He subtly glances at Knuckles, the echidna now sitting on the wing with one leg dangling, dreadlocks ruffling in the wind. It’s not a secure position to be on a plane suspended above water, but Sonic’s not worried. They've done more drastic things on the regular. This is nothing.
Resting the back of his head against the headrest, Sonic resists the urge to close his eyes. None of them really had the time to properly sleep in the last two-or-so days on the islands. At times, he gets glimpses of visual hallucinations he only figures are hallucinations because Knuckles (the only other person currently awake and with a view not obscured by a pilot seat) doesn’t react to goliath sized wyverns circling the plane.
Sleep deprivation’s getting to Sonic's head. He’s had fish to eat in a hurry on the islands. Not enough for his fast metabolism and calorie-burning missions, just something to keep him going. He’s not sure if Amy, Knuckles, and Tails had anything before take-off. The fuel tank is two thirds empty; just enough to get them to a Mobian-inhabited island with telecommunication. The Tornado’s too far away from anything at the moment to get a signal anywhere.
He could really use a bed right now. Sleep and not worry about how garbage his body’s going to feel later after getting the crap kicked out of him for two days. He’d like a hammock, at least. And hot soup. And something full of meat. But he doesn’t complain. None of them do. The silence is unnatural for them.
He could nap in the pilot’s seat; the Tornado is reliable enough that he trusts its autopilot function. He just can’t afford to let anything happen. Tails’ asleep, finally. Amy hasn’t flown the Tornado in years, and while Sonic’s sure she knows the important basics to keep it afloat, she doesn’t have that much experience with it if anything were to happen. Knuckles is awake enough, but he’s not trained to fly the Tornado like the rest of them.

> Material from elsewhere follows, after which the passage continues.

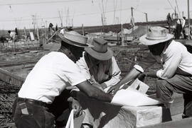 "Fotografia em preto e branco no formato paisagem, destaca três trabalhadores no canteiro de obras do Palácio da Alvorada. Situado às margens do Lago Paranoá e foi o primeiro edifício de alvenaria inaugurado em 30 de junho de 1958 no embrião de Brasília. Em primeiro plano há 3 trabalhadores voltados para uma prancha posta sobre um apoio improvisado coberto por uma lona. Do lado esquerdo um homem de pele negra, usando camisa branca de mangas curtas, chapéu de palha, uma calça jeans, onde no bolso direito da mesma, localiza-se uma escala métrica dobrável, um anel no dedo anelar e um relógio no pulso do lado esquerdo onde segura uma prancha dobrada. O segundo trabalhador no centro da fotografia, usa um chapéu, camisa de mangas longas com canetas no bolso esquerdo. O terceiro trabalhador ao lado direito, usa um chapéu, camisa de mangas dobradas na altura dos cotovelos com um lápis no bolso, calça jeans e um relógio no pulso esquerdo onde ele segura algumas pranchas.

Four hours later, the sky goes from purple-black to reds and oranges that reflect choppily on the water. Only, it’s not peaceful. The clouds are too thick, too full. The wind’s not right. There’s an underlying uneasiness in the air a mere human wouldn't have picked up on, that same hyper awareness that makes animals know something’s coming. A storm that’s not fully formed yet.
With an elbow lazily hanging out the pilot seat, Sonic glances at the passengers behind him. Tails’ waking up, tired eyes barely open, ears hanging low in nervousness. The phantom, creepy-crawly feeling they’re all feeling had shaken him awake. Knowing his astraphobia, he won’t go back to sleep. Not like this. Amy readjusts her hold on him, gazing at the thickest clouds in the distance. She looks just as dazed, not all there, exhausted to the bone.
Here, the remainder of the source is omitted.